→ **SOURCE INFORMATION**:
--*--

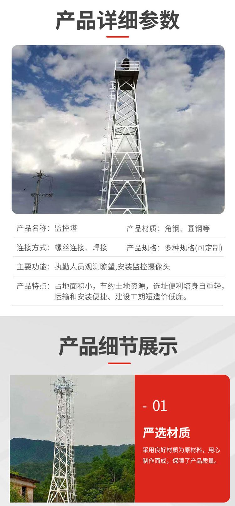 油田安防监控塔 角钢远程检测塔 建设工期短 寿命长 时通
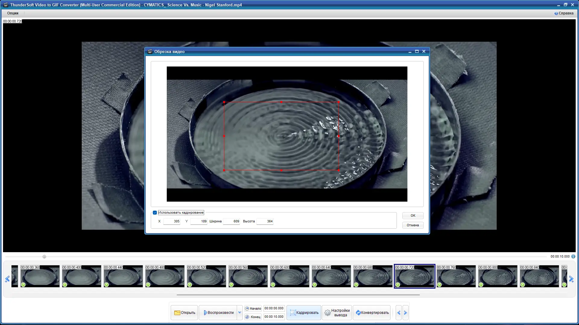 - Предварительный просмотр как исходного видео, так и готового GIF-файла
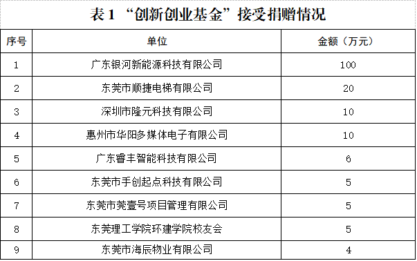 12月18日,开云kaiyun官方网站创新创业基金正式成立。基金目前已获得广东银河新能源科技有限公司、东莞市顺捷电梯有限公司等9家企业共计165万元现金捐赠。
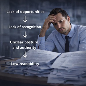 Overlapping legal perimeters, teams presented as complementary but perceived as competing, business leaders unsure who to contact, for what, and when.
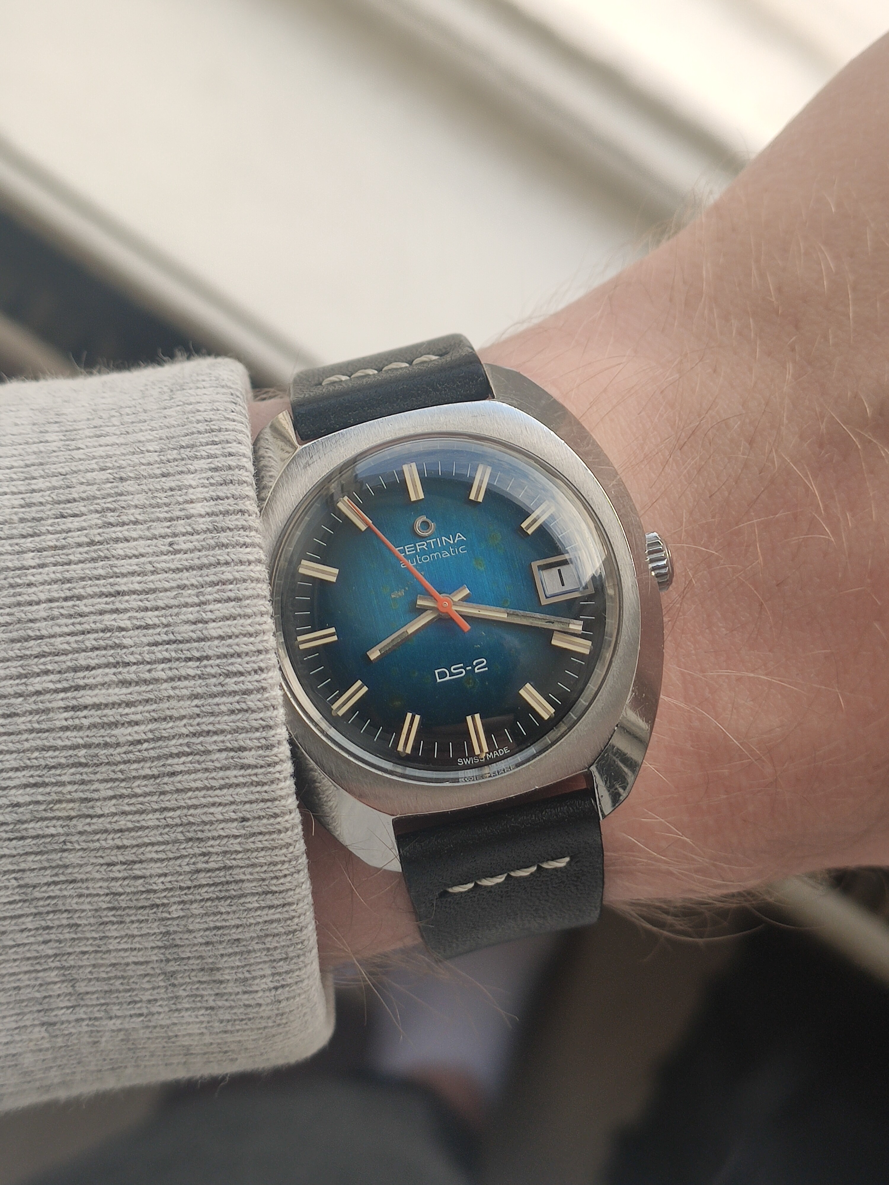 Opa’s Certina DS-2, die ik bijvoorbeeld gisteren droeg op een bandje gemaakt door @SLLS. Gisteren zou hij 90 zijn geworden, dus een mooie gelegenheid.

--*--

→ **TASK GOAL**:
Where the line containing "12月18日,开云kaiyu" appears, begin writing out the lines exactly, and continue through the end of the material above, omitting pictures.

→ **TASK RESPONSE**:
 12月18日,开云kaiyun官方网站创新创业基金正式成立。基金目前已获得广东银河新能源科技有限公司、东莞市顺捷电梯有限公司等9家企业共计165万元现金捐赠。
 Overlapping legal perimeters, teams presented as complementary but perceived as competing, business leaders unsure who to contact, for what, and when.
 Opa’s Certina DS-2, die ik bijvoorbeeld gisteren droeg op een bandje gemaakt door @SLLS. Gisteren zou hij 90 zijn geworden, dus een mooie gelegenheid.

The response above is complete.